Desolatium by Superlumen is looking like another worthwhile entry in the Lovecraftian videogame corpus. A first-person point-and-click adventure with pre-rendered environments highly reminiscent of Myst, it's being made with VR in mind, but is also playable in the standard keyboard-mouse-and-monitor configuration preferred by god-fearing gamers everywhere.
I tried both the standalone "Prologue" released last June and a demo of the full game Superlumen put out at the end of December and I was really impressed. The pre-rendered backgrounds are based on photography of real locations, and they're reminiscent of the same sort of scenes from '90s adventure games and RPGs, but in ultra-high modern resolution.
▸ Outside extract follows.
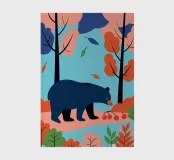 Appréciez la beauté naturelle d'une forêt d'automne avec cette illustration d'un ours à la recherche de nourriture. Les couleurs chaudes et le design minimaliste créent une atmosphère paisible et apaisante.
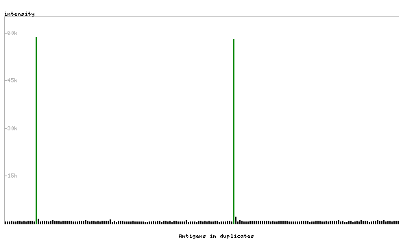 Below the antigens, the maximum percent sequence identity of the protein to all other proteins from other human genes is displayed, using a sliding window of 10 aa residues (HsID 10) or 50 aa residues (HsID 50). The region with the lowest possible identity is always selected for antigen design, with a maximum identity of 60% allowed for designing a single-target antigen (read more).

It's as if that style of presentation never went out of vogue, but kept evolving, similar to the treatments Pillars of Eternity or Octopath Traveler gave to their respective genres.
Both playable portions of Desolatium are atmospheric and unnerving, and the bizarro-world Mediterranean village of the Prologue contrasts nicely with the sterile office building interiors of the more recent demo.
True to its adventure game roots, the path forward can be a little esoteric at times, and the stiff voice-overs and occasional text typos reflect some issues with the translation from the developers' native Spanish. For me, personally, that just lends the game a further retro, pulpy charm, but your mileage may vary.
I'm looking forward to Desolatium's full release, which is tentatively set for sometime this spring.